Dabei ist ein sehr lustiger Film im Wettbewerb: das israelische Vater-Sohn-Drama Hearat Shulayim (Footnote). Joseph Cedar inszeniert die Konfrontation zweier gegensätzlicher Talmudexperten in einem rasanten Stil, der Vergleiche mit Die wunderbare Welt der Amélie heraufbeschworen hat. Aber statt dem Eskapismus dieses Franzosen-Märchens bietet Cedar eine kafkaeske Auseinandersetzung mit ernsthaften Themen, die er als gleichermaßen absurd wie profund erkennt: Die entscheidende Moraldebatte findet in einem Büro von der Größe einer Besenkammer statt und verläuft entsprechend komisch. Am Ende mutiert der Film bei einer offiziellen Staatsgala zum absurden Reigen und übt herbe Kritik am israelischen Nationalismus.

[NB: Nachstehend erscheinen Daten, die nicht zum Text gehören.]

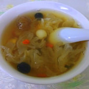 银耳、莲子、桂圆、百合、枸杞、黑加仑葡萄干、糖。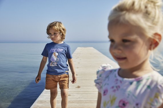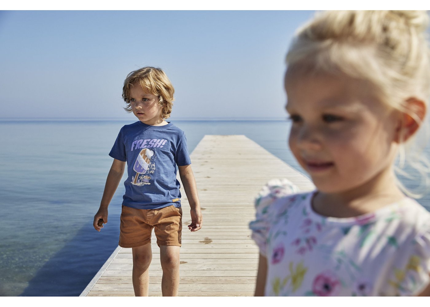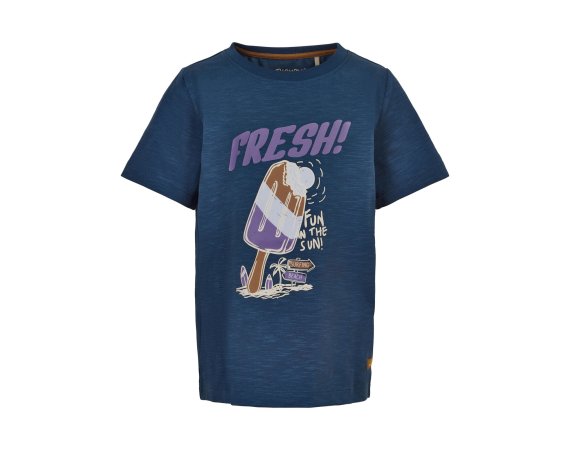 Flot blå t-shirt med is motiv foran.T-shirten har korte ærmer, en rund halsudskæring og er fremstillet i en lækker bomuldsjersey.

Ersatzfamilie im Bordell. Der Titel von Cedars Film legt die vorherrschende Einschätzung der 64. Cannes-Ausgabe nahe: eine Fußnote. Denn viele renommierte Autorenfilmer enttäuschen: Pedro Almodóvar ergeht sich in La piel que habito (The Skin I Live In) in leerer Genrefilmspielerei, Lars von Trier bietet mit Melancholia eine Art bombastisch-blöden Unglückskontrapunkt zu Malicks kosmischem Familiendrama, sorgt aber mit seiner üblichen Pressekonferenzprovokation diesmal für einen Eklat – nachdem er sich selbst als Nazi bezeichnet, erklärt ihn das Festival trotz offizieller Entschuldigung zur „Persona non grata“. Neben der Malick-Premiere ist es das zweite Ereignis in Cannes. Dieser Rummel überschattet die Entdeckungen des Festivals abseits des Wettbewerbs: das einfallsreiche Martial-Arts-Drama Wu Xia von Hongkong-Meister Peter Chan Ho-Sun, der epische und virtuose Sexkrimi Koi no tsumi (Guilty of Romance), mit dem sich der Japaner Sion Sono einmal mehr als Genie der extremen Gefühlslagen zeigt, oder die anrührende Animationsbiografie Tatsumi über den Manga-Pionier von Eric Khoo aus Singapur.

Nicht zuletzt gibt es zwei andere Wettbewerbsfilme, die auf ihre Art ebenso eindrucksvoll sind wie Malicks Überwerk. Drive, eine US-Produktion des Dänen Nicolas Winding Refn mit Ryan Gosling als Auto-Stuntman, der sich nebenbei als Fluchtfahrer bei Überfällen verdingt, ist ein Actionkrimi, der durch virtuos gestaltete Atmosphären und superb genutzte Stadtlandschaften driftet.

Ebenfalls atmosphärisch angelegt und in seinen stilistischen Wendungen immer wieder überraschend ist einer der unterschätztesten Bewerbsbeiträge, L'Apollonide (House of Tolerance) vom französischen Exzentriker Bertrand Bonello. Seine Geschichte über die letzten Jahre eines Pariser Bordells zu Anfang des 20.Jahrhunderts ist zugleich ein Tribut an die dekadente Literatur der Ära und ein ganz ungewöhnlicher Frauenfilm: Trotz ausgiebiger Nacktheit hat diese Studie von Ritualen, Abhängigkeiten und Hoffnungen in erlesen ausgeleuchteten, opulent ausgestatteten, aber ungewöhnlich und traumgleich ineinander montierten Tableaus nichts Sexistisches. Im Gegenteil: Die im Überlebenskampf zusammengeschweißten Prostituierten waren eigentlich die einzige solidarische (Ersatz-)Familie in Cannes.